◆ INSTRUCTIONS TO FOLLOW ◆
Everything from the line with "배우 박해준이 10일" to the last line of the listing must be retyped exactly, both ends included, with the pictures dropped.

◆ DATA BELOW ◆
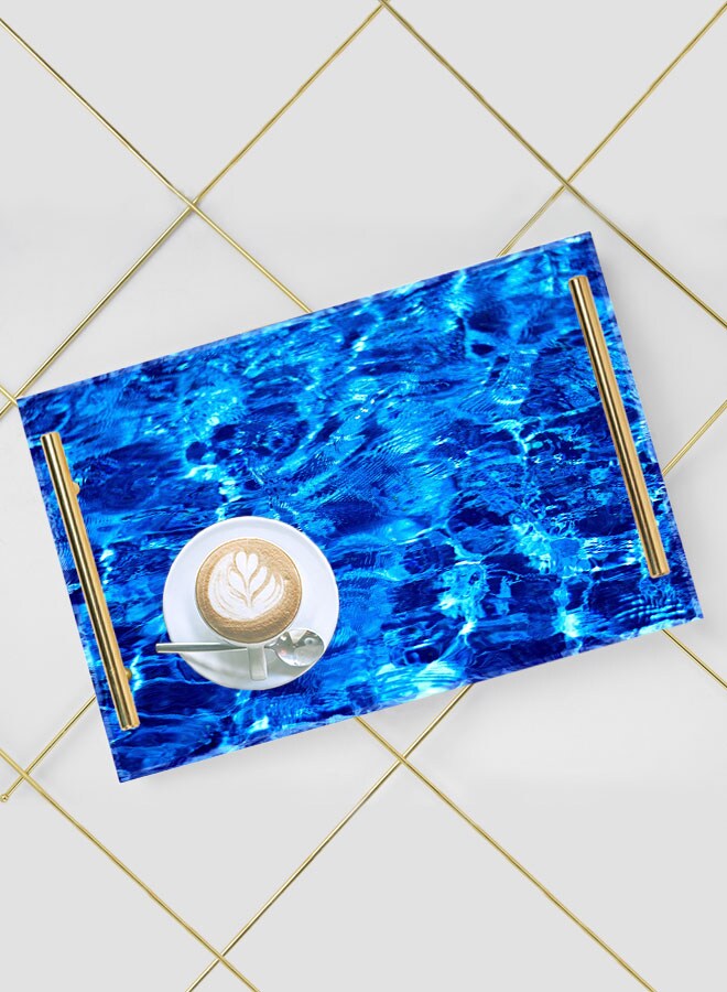 Lowha Decorative Acrylic Serving Tray With Gold Metal Handles And Pixabay Design 20x30 cm
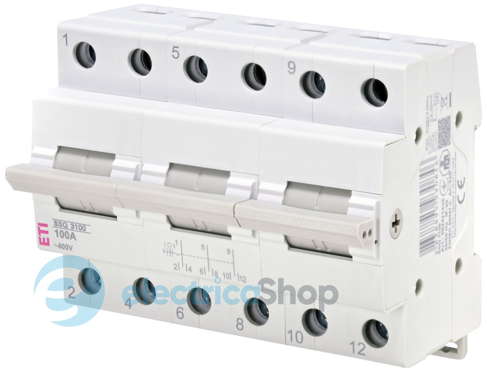 Перемикач SSQ 2421438 (це триполюсний перекидний рубильник) призначений для прямої комутації навантажень невеликої потужності (100A ) або комутації за допомогою додаткових контакторів або силових реле.
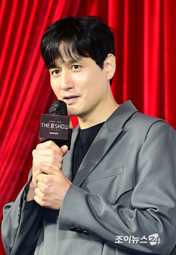 배우 박해준이 10일 오전 서울 중구 앰배서더 서울 풀만 호텔에서 열린 넷플릭스 오리지널 시리즈 '더 에이트 쇼(The 8 Show)' 제작발표회에 참석하고 있다. [사진=정소희 기자]
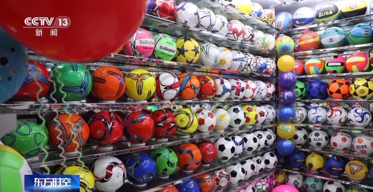 义乌国际商贸城某店铺销售经理 徐丽:最近像足球、排球、乒乓球,以前客户可能带个三件五件,每件五十个,现在会多一点,可能十几件、二十几件。

◆ WRITTEN RESPONSE ◆
 배우 박해준이 10일 오전 서울 중구 앰배서더 서울 풀만 호텔에서 열린 넷플릭스 오리지널 시리즈 '더 에이트 쇼(The 8 Show)' 제작발표회에 참석하고 있다. [사진=정소희 기자]
 义乌国际商贸城某店铺销售经理 徐丽:最近像足球、排球、乒乓球,以前客户可能带个三件五件,每件五十个,现在会多一点,可能十几件、二十几件。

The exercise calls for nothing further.